[[ DATA BELOW, beginning ]]

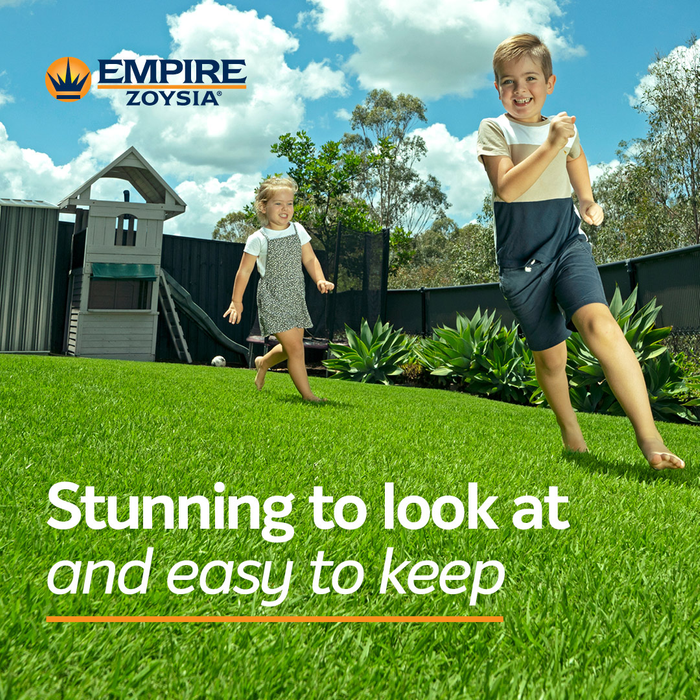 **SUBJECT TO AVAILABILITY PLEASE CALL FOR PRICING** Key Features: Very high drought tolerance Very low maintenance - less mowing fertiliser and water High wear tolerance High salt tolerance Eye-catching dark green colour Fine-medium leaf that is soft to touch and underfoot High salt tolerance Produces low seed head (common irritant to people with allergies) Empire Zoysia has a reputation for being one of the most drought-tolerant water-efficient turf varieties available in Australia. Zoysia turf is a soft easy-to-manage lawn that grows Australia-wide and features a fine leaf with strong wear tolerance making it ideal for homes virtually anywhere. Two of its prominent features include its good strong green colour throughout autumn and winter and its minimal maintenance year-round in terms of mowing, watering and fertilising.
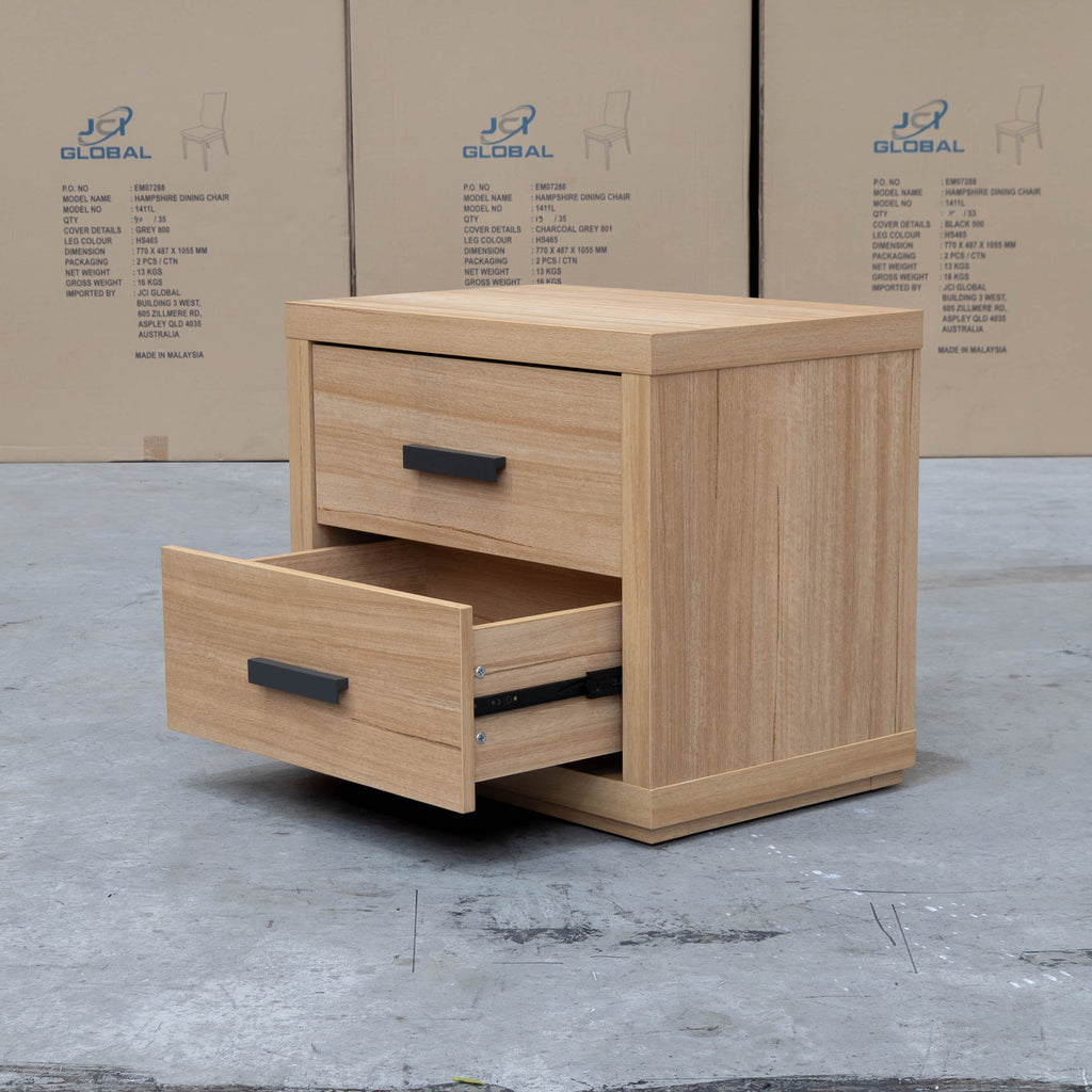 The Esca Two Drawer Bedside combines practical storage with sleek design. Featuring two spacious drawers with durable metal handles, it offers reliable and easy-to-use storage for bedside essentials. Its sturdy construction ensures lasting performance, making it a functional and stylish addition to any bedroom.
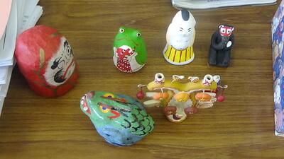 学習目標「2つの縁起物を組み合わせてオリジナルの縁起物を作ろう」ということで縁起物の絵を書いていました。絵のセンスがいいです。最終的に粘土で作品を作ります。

[[ DATA BELOW, end ]]

Could you give back the full listing word for word, leaving out the images?

 **SUBJECT TO AVAILABILITY PLEASE CALL FOR PRICING** Key Features: Very high drought tolerance Very low maintenance - less mowing fertiliser and water High wear tolerance High salt tolerance Eye-catching dark green colour Fine-medium leaf that is soft to touch and underfoot High salt tolerance Produces low seed head (common irritant to people with allergies) Empire Zoysia has a reputation for being one of the most drought-tolerant water-efficient turf varieties available in Australia. Zoysia turf is a soft easy-to-manage lawn that grows Australia-wide and features a fine leaf with strong wear tolerance making it ideal for homes virtually anywhere. Two of its prominent features include its good strong green colour throughout autumn and winter and its minimal maintenance year-round in terms of mowing, watering and fertilising.
 The Esca Two Drawer Bedside combines practical storage with sleek design. Featuring two spacious drawers with durable metal handles, it offers reliable and easy-to-use storage for bedside essentials. Its sturdy construction ensures lasting performance, making it a functional and stylish addition to any bedroom.
 学習目標「2つの縁起物を組み合わせてオリジナルの縁起物を作ろう」ということで縁起物の絵を書いていました。絵のセンスがいいです。最終的に粘土で作品を作ります。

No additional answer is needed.